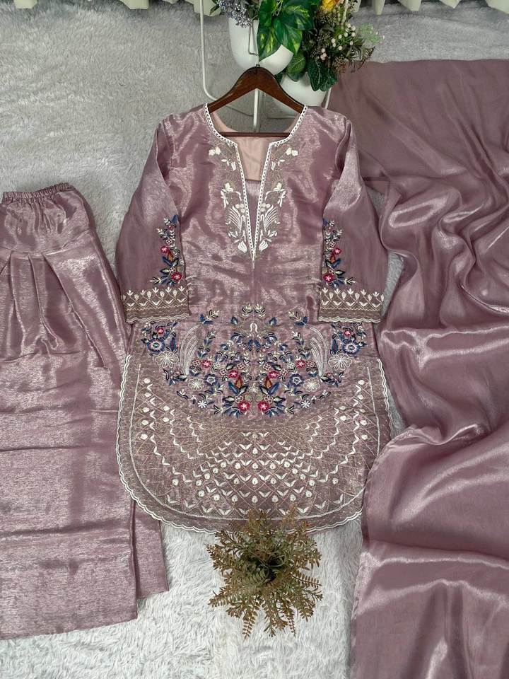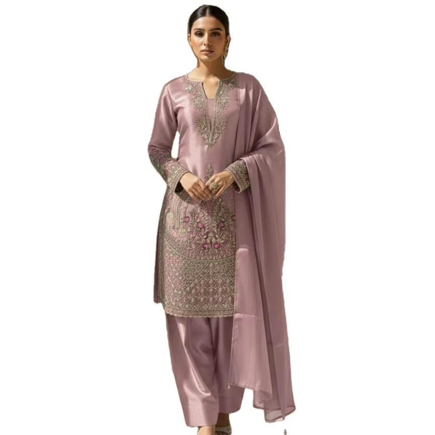 ชุดคุर्ติและกางเกงขายาวปักลายสวยงาม ดีไซน์ทันสมัย เนื้อผ้านุ่มหรูหรา คอวี ความยาวระดับเข่า พร้อมผ้าคลุมไหล่ สำหรับเพื่อนเจ้าสาว
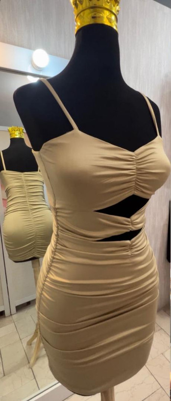 دوطرف پیراهن و همپنین روی باسن چین کار شده که قد پیراهن قابل تنظیمه
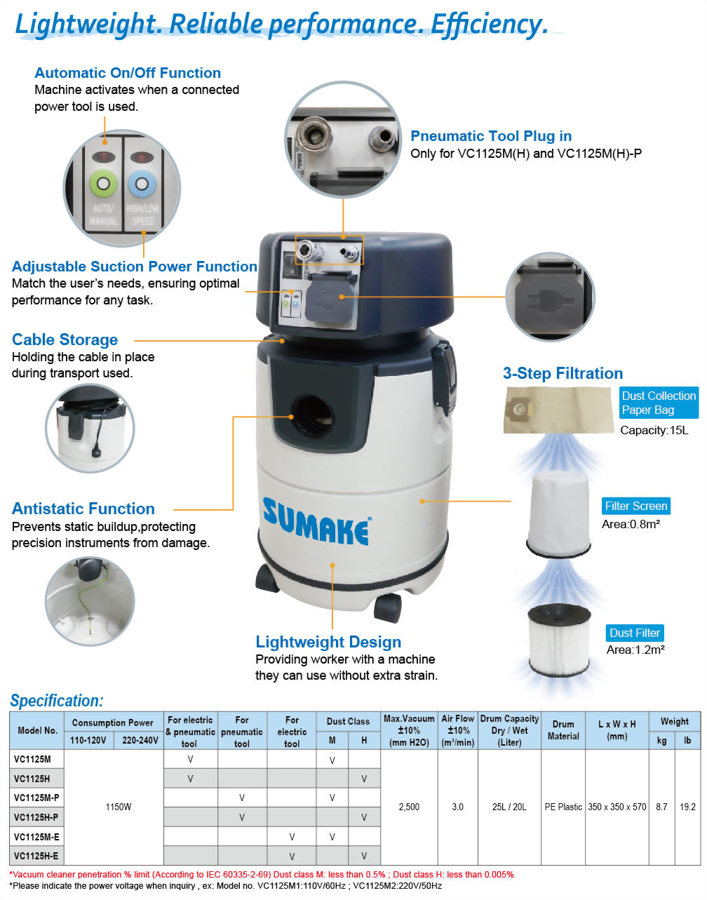 ●This powerful vacuum delivers exceptional dust collection performance when connected to air or power tools. It can also be used in both wet and dry modes for versatile, all-purpose cleanup.
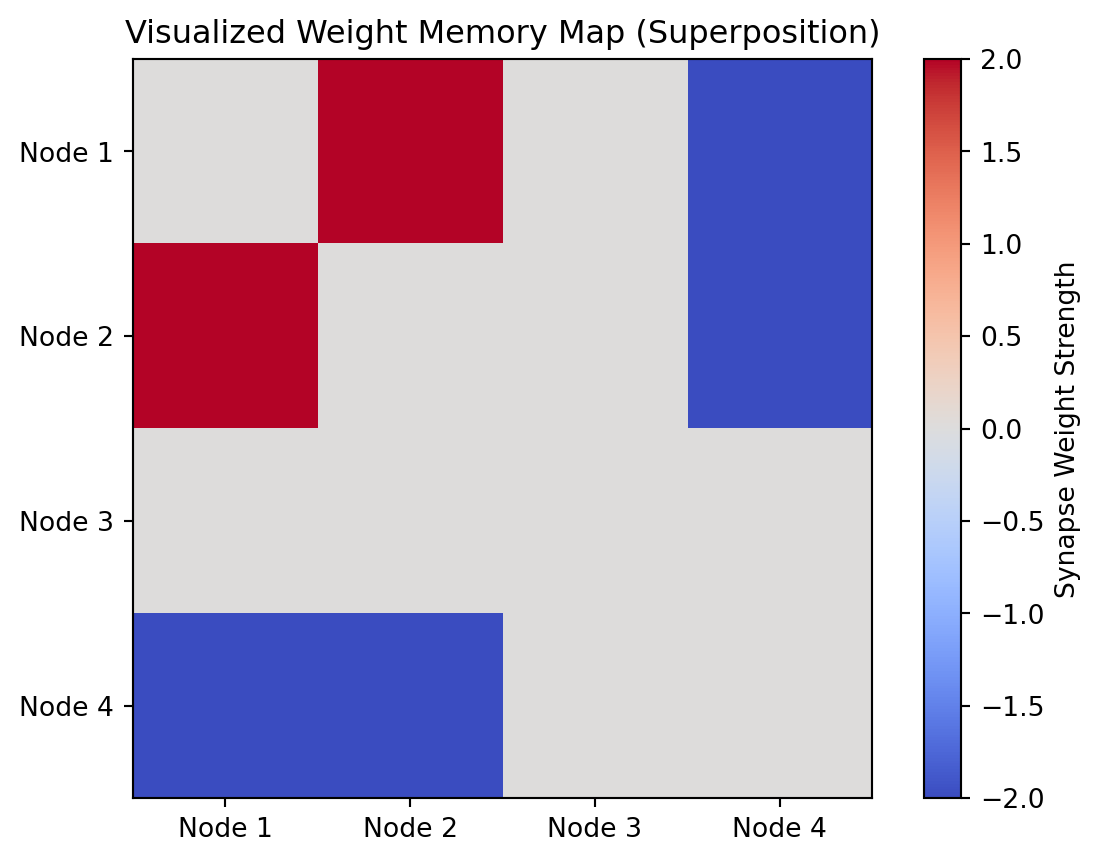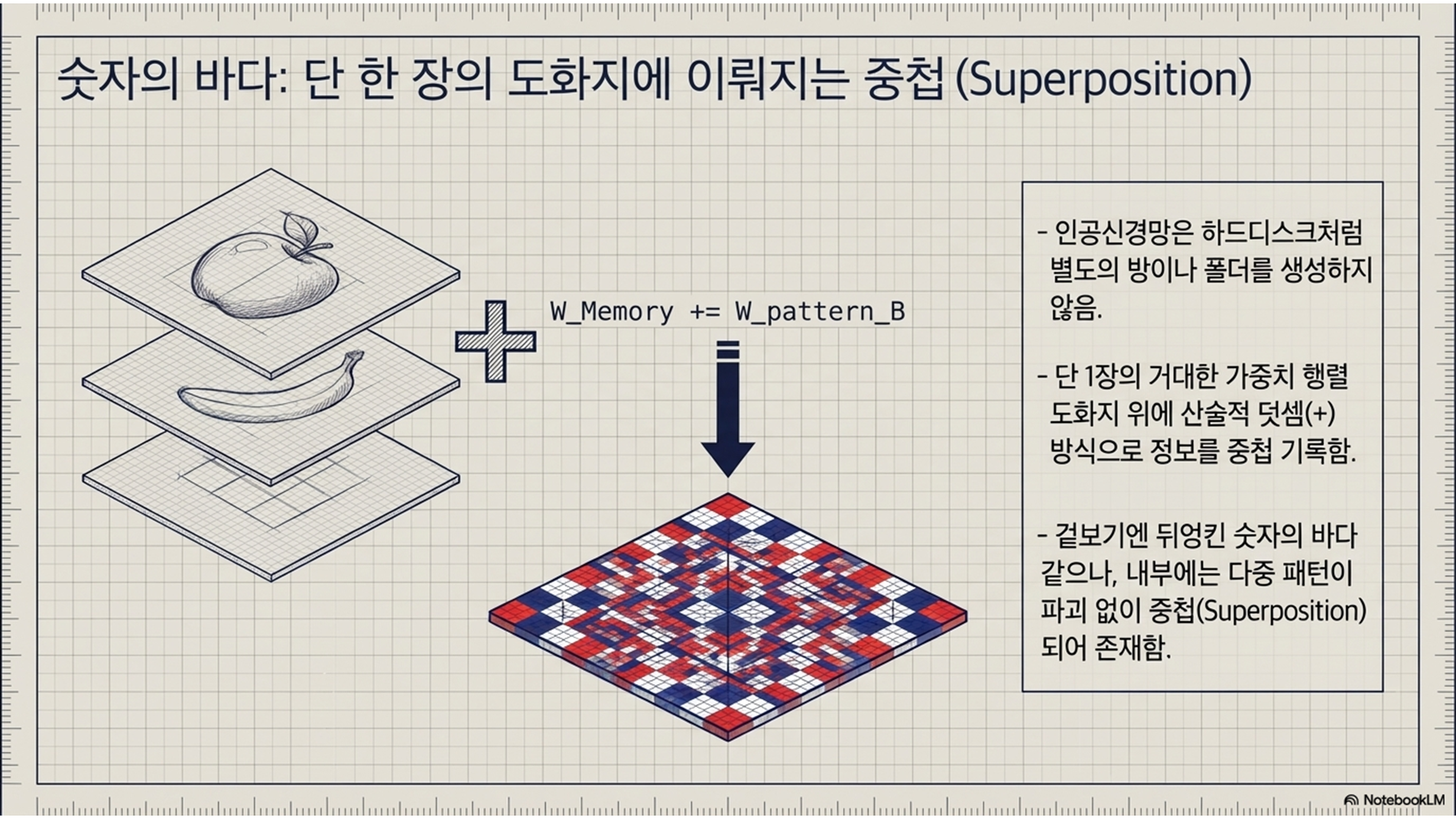 이론적 설명: 인공신경망은 새로운 정보를 저장할 때 하드디스크처럼 방이나 폴더를 새로 만들지 않음. 오직 단 한 장의 거대한 가중치 행렬 도화지 안에 여러 패턴을 동시에 겹쳐 씀.
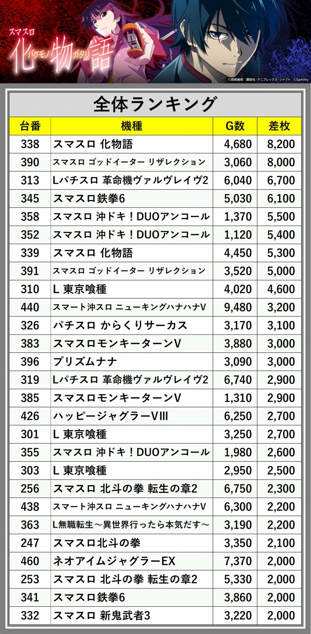 厳選された取材対象機種をはじめ、その他スロット全体から好記録が飛び出した!プレイヤーが楽しんだ1日を下記データにて振り返ってみて欲しい。
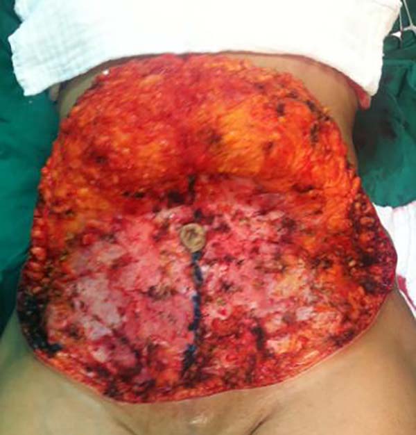 Todos os procedimentos foram realizados com bloqueio peridural e sedação venosa pelo anestesista da equipe. Após a assepsia, iniciamos a cirurgia com bisturi de lâmina 15 na pele e seguimos com o descolamento do retalho abdominal com bisturi elétrico. O descolamento se estende até a cicatriz umbilical, sendo o umbigo isolado com bisturi lâmina 15 em forma arredondada (Figura 2).

══════════════════════════════

§ What you should do:
Return all of the entries exactly as written, but drop any pictures they hold.

§ Solved problem:
 ชุดคุर्ติและกางเกงขายาวปักลายสวยงาม ดีไซน์ทันสมัย เนื้อผ้านุ่มหรูหรา คอวี ความยาวระดับเข่า พร้อมผ้าคลุมไหล่ สำหรับเพื่อนเจ้าสาว
 دوطرف پیراهن و همپنین روی باسن چین کار شده که قد پیراهن قابل تنظیمه
 ●This powerful vacuum delivers exceptional dust collection performance when connected to air or power tools. It can also be used in both wet and dry modes for versatile, all-purpose cleanup.
 이론적 설명: 인공신경망은 새로운 정보를 저장할 때 하드디스크처럼 방이나 폴더를 새로 만들지 않음. 오직 단 한 장의 거대한 가중치 행렬 도화지 안에 여러 패턴을 동시에 겹쳐 씀.
 厳選された取材対象機種をはじめ、その他スロット全体から好記録が飛び出した!プレイヤーが楽しんだ1日を下記データにて振り返ってみて欲しい。
 Todos os procedimentos foram realizados com bloqueio peridural e sedação venosa pelo anestesista da equipe. Após a assepsia, iniciamos a cirurgia com bisturi de lâmina 15 na pele e seguimos com o descolamento do retalho abdominal com bisturi elétrico. O descolamento se estende até a cicatriz umbilical, sendo o umbigo isolado com bisturi lâmina 15 em forma arredondada (Figura 2).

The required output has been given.